If the Supreme Court strikes down the health care law, Republicans hope to make it a prominent element of their effort to deny him a second term.

"It would be a tremendous validation," Gov. Bob McDonnell of Virginia, a Republican, said in an interview. "A victory in court would say that a trend toward big government solutions out of Washington has a limit and the biggest accomplishment of the Obama administration is unconstitutional."

Really? I think that would take the issue completely off the table for the GOP as a base motivator -- which would be tremendously harmful to the chances of Mitt Romney and all the down-ballot Republicans. They party has got base voters worked up to the point that they're not only furious about the health care law, they're convinced that it's the heart and soul of everything that's evil about the Obama administration. If crazy-base voters see total victory in the Supreme Court, aren't they going to let their guard down a bit?
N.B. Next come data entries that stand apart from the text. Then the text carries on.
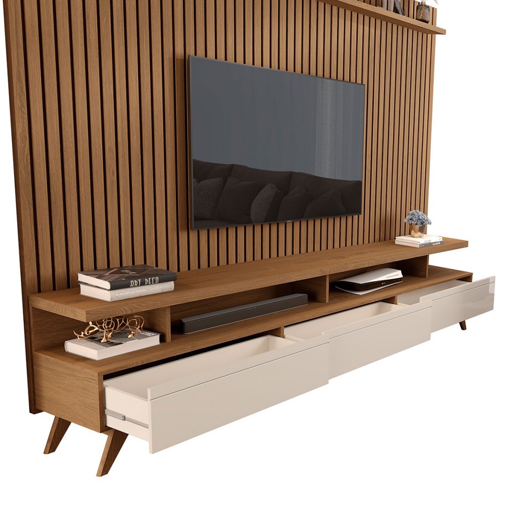 Rack com Painel Para TV 72 Polegadas Vivare 3 Gavetas Ripado - Giga Móveis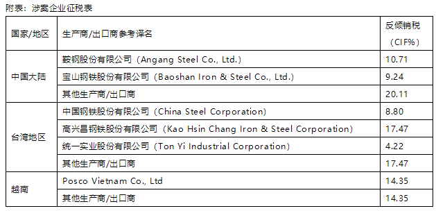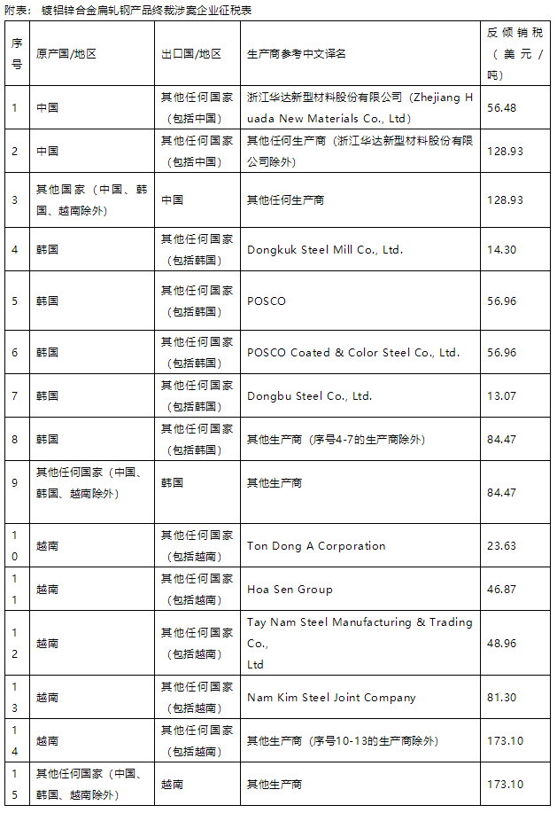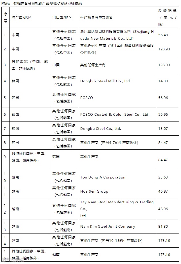 2020年2月21日,印度商工部发布公告称,对原产于或进口自中国、韩国和越南的镀铝锌合金扁轧钢产品(Aluminium and ZincCoated Flat Products)作出反倾销终裁:建议对上述国家的涉案产品征收反倾销税,具体措施见附表(镀铝锌合金扁轧钢产品终裁涉案企业征税表)。此次涉案产品的铝锌合金成分为含有一种或多种单独或组合不超过3%(按重量计)的附加元素。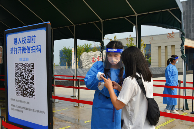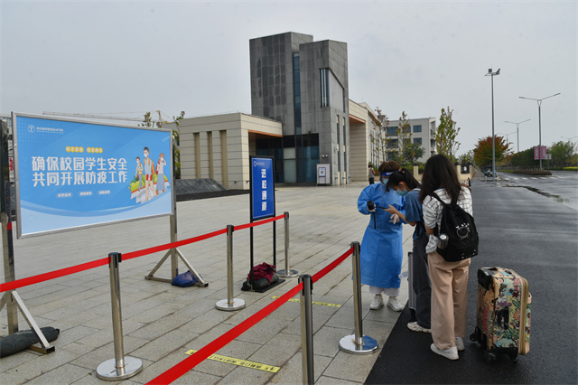 报到现场秩序井然,返校学生严格遵守“扫码核验——查验体温——卫生消杀”等程序进入校园。学工处、保卫处、后勤处及各系部分工协作、密切配合,做好学生返校报到现场周边的秩序维护和身份核验、交通管制引导、行李消杀等工作,为学生安全平稳有序返校保驾护航。

Won't they be less motivated to vote GOP, thus risking not only an Obama reelection but gains for Democrats in the Senate and House?

Of course, I don't think the GOP's overlords need to worry about that, because three days of oral arguments seem to have teed this up about as well as possible for the GOP -- my hunch is that there'll be the obvious four votes to overturn the whole law, plus a fifth (Kennedy) to get rid of the individual mandate but leave part of the law standing. And I think that's what we'll get: the law left gutted and bleeding, accompanied by the clear message -- in the heat of a presidential campaign -- that the movement-conservative bloc on the Court could have overturned the law if it'd had ONE MORE VOTE WINK WINK WINK....
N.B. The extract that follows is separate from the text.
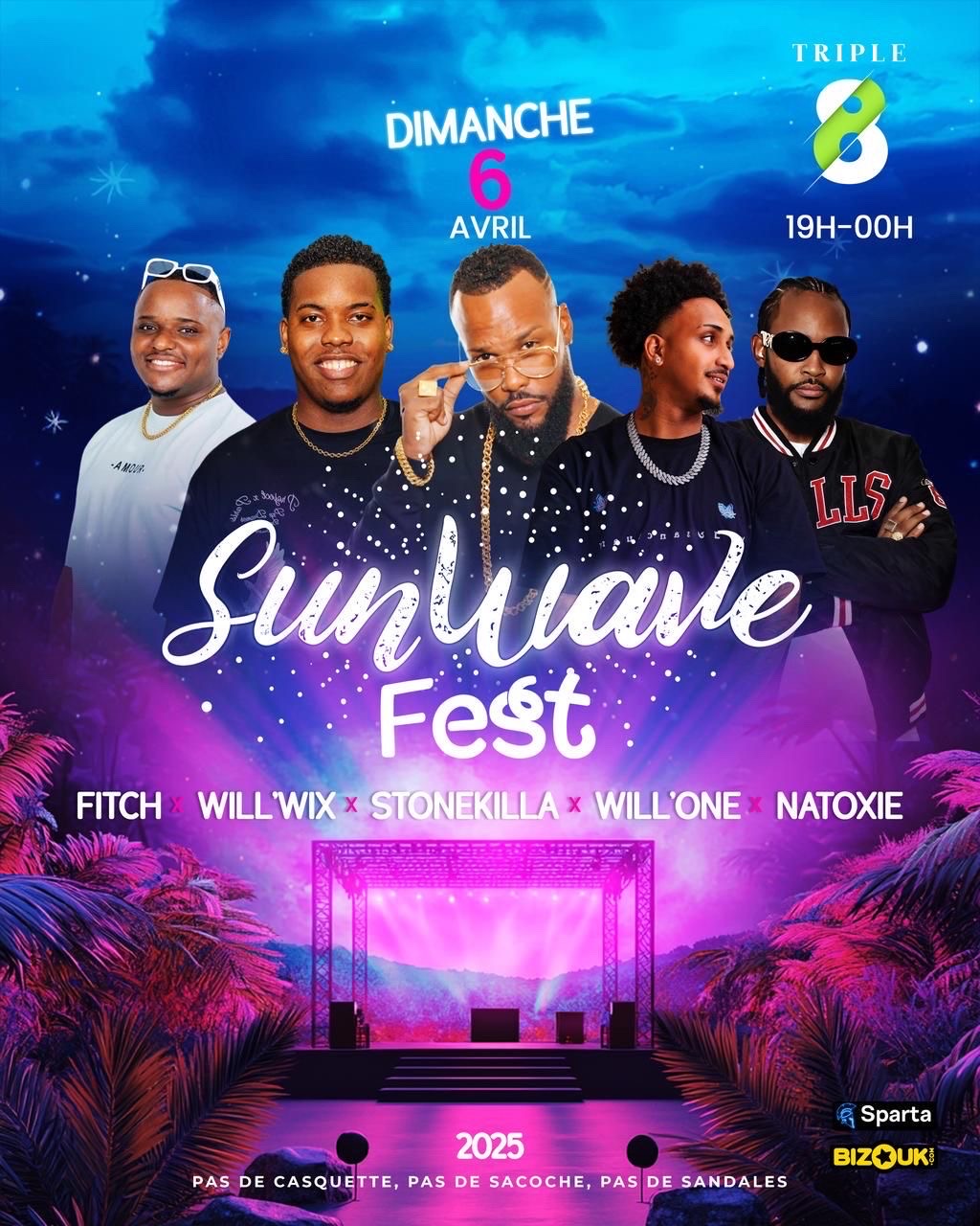 Nous clôturerons en beauté le SUNWAVE FEST par une soirée mémorable dans un lieu que vous connaissez tous ! Et oui ! Votre rendez-vous du dimanche 6 avril est au TRIPLE 8 📍 à partir de 19h 🕗 Aux platines, la crème de la crème 🎶 : * DJ FITCH 🎧 * DJ WILL’WIX 🎧 * DJ STONEKILLA 🎧 * DJ WILL’ONE 🎧 * DJ NATOXIE 🎧 Un line-up explosif pour vous offrir une expérience unique et mémorable 🥳. Et ce n’est pas tout, des surprises vous attendent… alors ne manquez surtout pas ça ! Les billets sont d...

Now, needless to say, Romney is a less-than-ideal guy to take this handoff from the Supremes. I don't think this will be enough to get him elected, because people don't like him. But if you're a Koch brother, and Romney is looking as if he'll have negative coattails as it is, do you really want to depress turnout even more?
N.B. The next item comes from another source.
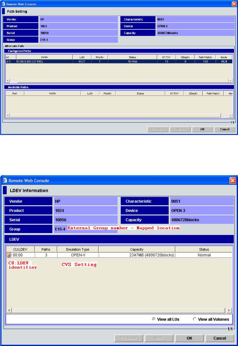 - Checking an external LU’s status (LDEV Information)

I could be reading this wrong -- maybe the overlords want total victory whenever it appears to be within their grasp, regardless of the long-term consequences. But I think they may recognize that a gutted law is as effectively dead as an overturned law -- except it's undead, which means the Obama administration and congressional Democrats will hope to salvage what they can from it.

And the effort to do that will keep the wingnut voter base angry indefinitely, which would make this a base motivator for years to come. Health care reform could be like abortion or gun control: the right gets more out of not achieving total victory than it would out of winning altogether. There's always a new way to restrict abortion or broaden access to guns. The enemy always needs to be defeated. So I think the Supremes will just completely neuter the law, after which GOP pols will declare that it's still an existential threat to freedom!


pstanley88 said...

You've become too negative in your prognosticating Steve.

Telling your readers that those evil Republicans will win every battle but lose the war is depressing. And it hasn't exactly been true since the end of the Debt Ceiling Debacle.

Steve M. said...

Oh, sorry -- I guess I should have predicted ... oh, say, that the individual mandate would be affirmed 7-2, with Scalia writing the majority opinion, like every Beltway insider, instead of accurately predicting that the Supreme Court had gone irreversibly wingnut. Hey, why be right when you can be cheerful?

pstanley88 said...

I guess I'm saying I want some added value into why you are so negative. Write about the limits of the Commerce Clause historically, write about Justice Kennedy's penchant for disappointing liberals (Citizen's United, Heller, to name recent ones), write about the administration's views on severing the individual mandate, or write about anything new.

I just got a little sick of reading over and over that the Fab Five are going to screw me over (as a 24 year old with insurance only b/c of the ACA and a host of preexisting conditions) and that there is no more to be said or done about it. Apologies if I offended you.

Steve M. said...

There's plenty to be done about it. But in order to get it done, people who are activists have to persuade people who aren't activists, and who currently can't conceive of becoming activists, that they need to get involved, or at least get angry at the right people.